Die Kois waren leider nicht umsonst, aber ein Paket Spezialkoifutter gabs für die mitgebrachten Fische gratis. 

Habe jetzt 6 Kois drin und mehr gehen bei 6000L wohl auch nicht.

Ende gut, alles gut.


----------



## baddie (22. Apr. 2011)

*AW: neue Jungfische*



CAT schrieb:


> habe meine Jungfische alle raus.



Hmm irgendwie kommt mir dieser Satz sehr bekannt vor 

Warte aber nochmal ein paar Monate oder gar ein Jahr ab bevor Du dich auf der erfolgreichen Abfischung ausruhen kannst 

Ich würde den ein oder anderen Taler verwetten das du nicht ALLE bekommen hast denn es gibt immer den ein oder anderen der gewitzter ist als man selbst (Erfahrungswert aus 30 Jahren Teichbesitz   ) 

Gut ist aber schonmal das DU die Alttiere bekommen hast.
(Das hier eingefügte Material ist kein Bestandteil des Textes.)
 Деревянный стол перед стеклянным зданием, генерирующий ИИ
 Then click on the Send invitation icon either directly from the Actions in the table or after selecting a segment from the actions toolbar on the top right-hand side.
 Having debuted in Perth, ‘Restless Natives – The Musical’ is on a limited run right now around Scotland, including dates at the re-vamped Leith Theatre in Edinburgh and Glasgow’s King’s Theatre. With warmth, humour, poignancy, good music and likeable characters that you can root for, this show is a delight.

Das verschafft Dir mehr Zeit...so sie Dir nicht schon irgendwo im teich eine kleine Überraschung hinterlassen haben 


Gruß

Dirk


----------



## CAT (23. Apr. 2011)

*AW: neue Jungfische*

mist,

noch 3 entdeckt.

Hast recht baddie. Zu früh gefreut.

Sind aber noch winzig ca.1,5-2,5 cm. Denke ich habe noch Zeit bin diese paarungsfähig sind.


----------



## Eva-Maria (23. Apr. 2011)

*AW: neue Jungfische*



CAT schrieb:


> mist,
> 
> noch 3 entdeckt.
> Sind aber noch winzig ca.1,5-2,5 cm. Denke ich habe noch Zeit bin diese paarungsfähig sind.
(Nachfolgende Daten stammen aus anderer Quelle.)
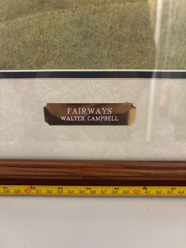 This framed Walter Campbell "Fairways" print captures a serene golf course scene and is in good used condition, making it a lovely addition to any room. This piece measures 45 inches in length and 32 inches in height, perfect for adding a touch of elegance to your space. * Artist: Walter Campbell * Title: Fairways * Dimensions: 45" x 32"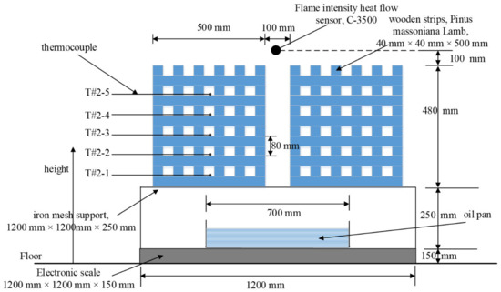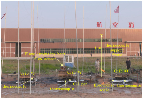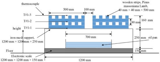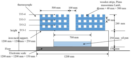 The wood crib combustibles were placed on an iron mesh support that was 1200 mm × 1200 mm × 250 mm in size, and the ground under the wood crib combustibles was laid out with square fuel-oil basins that were 700 mm × 700 mm × 100 mm in size. Four liters of blue high-42 octane Avgas 100# aviation gasoline was used as the ignition fuel.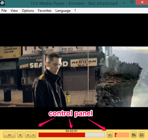 Open the interface of this free flv player and add any supported audio or video file in this player. You can drop media file to play quickly. Or else, File menu can also be used to add required file. Once the file has started playing, you can use the control panel to set volume, view video in full screen mode, or to jump to a particular position using progress bar.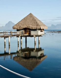 The morning sun woke me early. The beautiful turquoise waters of the shallow bay lapped against the pylons of the thatched roofed huts decorating the shoreline. These were rooms you could rent right over the water. I wandered along the shoreline taking pictures of the coral reefs and nearby islands. My morning was taken up by a tour of this largest of the islands of French Polynesia. It is shaped like a large figure 8 with the peaks of the volcanoes that formed the island at the center of each loop. The smaller loop, which I toured, is called Tahiti Iti. The jungle covered the hillsides as the narrow road followed the shoreline revealing hidden beaches covered in palm trees. The highlight was a visit to the Paul Gaugin Museum. This renowned artist made these islands famous with his paintings.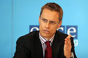 OSCE Chairman-in-Office, Finnish Foreign Minister Alexander Stubb, gestures as he answers a question at a news conference in Vienna, 10 April 2008.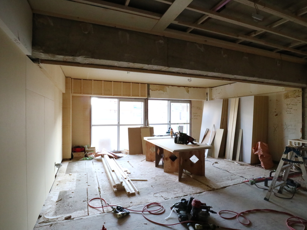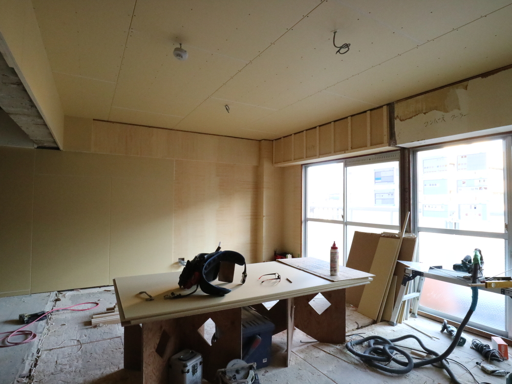 リビングの施工中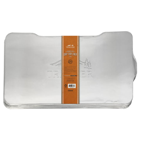 Make grill maintenance a breeze with Traeger Drip Tray Liners. Made of heat-proof aluminum, they are lightweight and disposable so you can clean up quick and Traeger on. Liners should rest fully on the grease pan and not cover any areas outside of the grease pan, as to not affect the temperature and performance of the grill.

In der Größe sind sie die richtigen Leckerbissen für einen Sonnenbarsch


----------



## CAT (23. Apr. 2011)

*AW: neue Jungfische*

und was füttere ich wenn er die 3 verspeist hat?


----------



## Eva-Maria (24. Apr. 2011)

*AW: neue Jungfische*

Hi Cat,
Jonny halten wir bei Laune mit frischen Regenwürmern, mmmmhhhh legga!


----------



## SusiS. (27. Apr. 2011)

*AW: neue Jungfische*

Hallo,

letztes Jahr hatten wir Gründlinge eingesetzt und konnten schon im Herbst die Jungfische von denen sehen und dieses Jahr werden es wohl mehr werden.

Gefüttert wird bei uns so gut wie nicht. Die Fische sollen sich aus dem Teich ernähren, in dem noch andere Fische schwimmen: 2 kleine Koi, ca.. 15 Karauschen irgendwas, wobei - bei einigen aus dem Schwarm zeigen sich jetzt Fische mit orangefarbenen Flossen. Diese Fische haben wir nun 3 Jahre und sie sind nicht wesentlich gewachsen.
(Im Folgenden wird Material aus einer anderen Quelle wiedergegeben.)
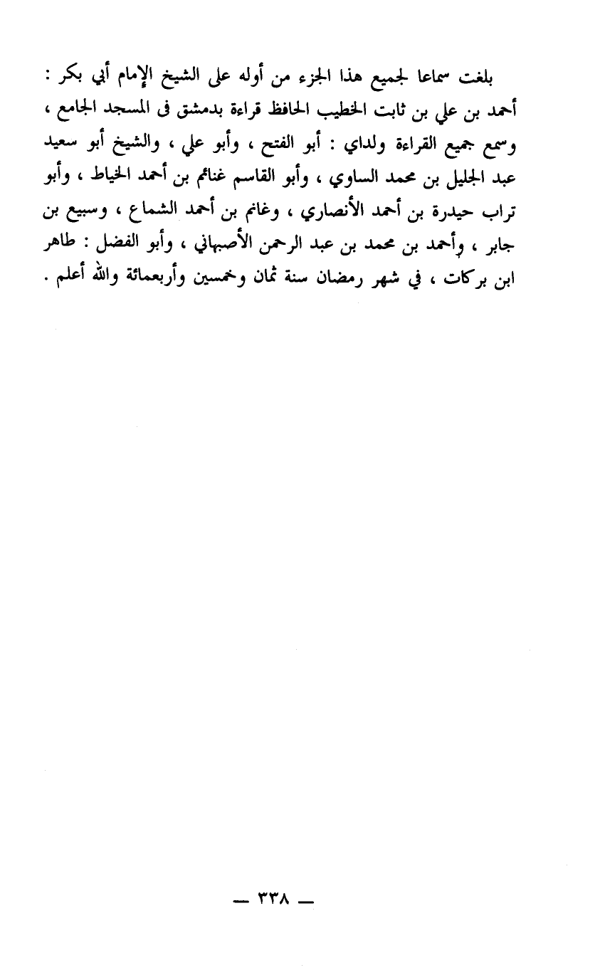 بلغت سماعا لجميع هذا الجزء من أول على الشيخ الإمام أبي بكر أحمد بن علي بن ثابت الخطيب الحافظ قراءة بدمشق في المسجد الجامع وسمع جميع القراءة والداي أبو الفتح وأبو علي والشيخ أبو سعيد عبد الجليل بن محمد الساوي وأبو القاسم غنائم بن أحمد الخياط وأبو تراب حيدرة بن أحمد الأنصاري وغانم بن أحمد الشماع وسبيع بن جابر وأحمد بن محمد بن عبد الرحمن الأصبهاني وأبو الفضل طاهر ابن بركات في شهر رمضان سنة ثمان وخمسين وأربعمائة والله أعلم.

Mir geht es um den Nachwuchs der Gründlinge die wohl keine Feinde im Teich haben. Da sie nahe am Grund schwimmen sind sie schwierig mit  einem Netz zu fangen.

Was können wir gegen den eher unerwünschten Nachwuchs tun und wohin dann mit den Jungfischen ?

Es wird sicher Fische oder Tiere im Teich geben, wohl nicht in unserem, die sich von der Brut verschiedener Tiere ernähren, aber  was fresen diese wenn keine Brut mehr vorhanden ist ?

Vielleicht sollten wir direkt die Gründlinge mit entfernen und eher __ Stichlinge einsetzen 

Fragende Grüße
Susi S.


----------



## canis (27. Apr. 2011)

*AW: neue Jungfische*

Bei Gründlingsnachwuchs gilt das selbe wie bei den anderen Fischen auch. 

Die Gründlinge mit Stichlingen ersetzen würde ich übrigens nicht. __ Stichlinge neigen genauso zur Massenvermehrung und gelten erst noch als die grösseren Laichräuber.


----------